When performing data analysis, you need to consider the importance of data transformation in preparation for the learning phase. Most machine learning algorithms work best when the Pearson's correlation is maximized between the variables you have to predict and the variable you use to predict them. The following sections present an overview of the most common procedures used during data analysis in order to enhance the relationship between variables.
During data science practice, you'll meet with a wide range of different distributions--with some of them named by probabilistic theory, others not. For some distributions, the assumption that they should behave as a normal distribution may hold, but for others, it may not, and that could be a problem depending on what algorithms you use for the learning process. As a general rule, if your model is a linear regression or part of the linear model family because it boils down to a summation of coefficients, then both variable standardization and distribution transformation should be considered.
In your analysis process, you may have realized that your variables have different scales and are heterogeneous in their distributions. As a consequence of your analysis, you need to transform the variables in a way that makes them easily comparable.
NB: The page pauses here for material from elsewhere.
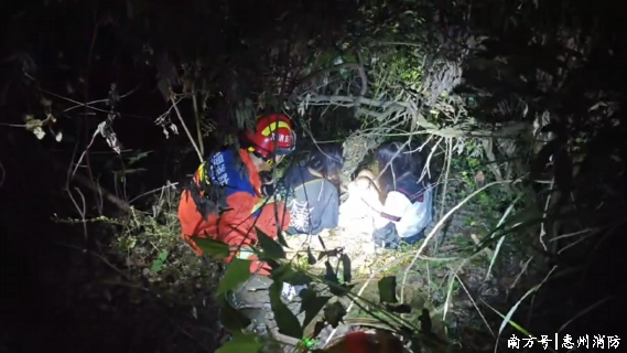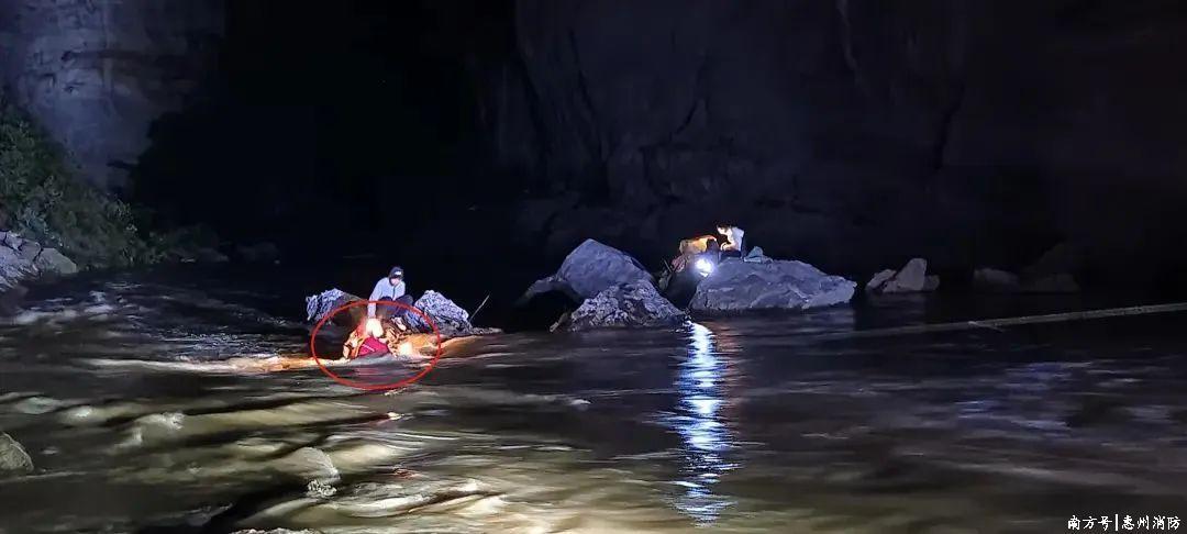 贵州黔西南,暴雨致溶洞内突发大水,一对在其内探险的情侣被困,消防员通过绳索牵引的方式将两人救出。

When you check variables with high skewness and kurtosis for their correlation, the results may disappoint you. As you find out earlier in this chapter, using a nonparametric measure of correlation, such as Spearman's, may tell you more about two variables than Pearson's r may tell you. In this case, you should transform your insight into a new, transformed feature.
Using homes.csv, try to do the following:
Scale the Sell and Taxes and then print it.
For both scaled Sell and Taxes, use at least 5 transformations for each and see which one gives Pearson's r correlation between the two closest to 0.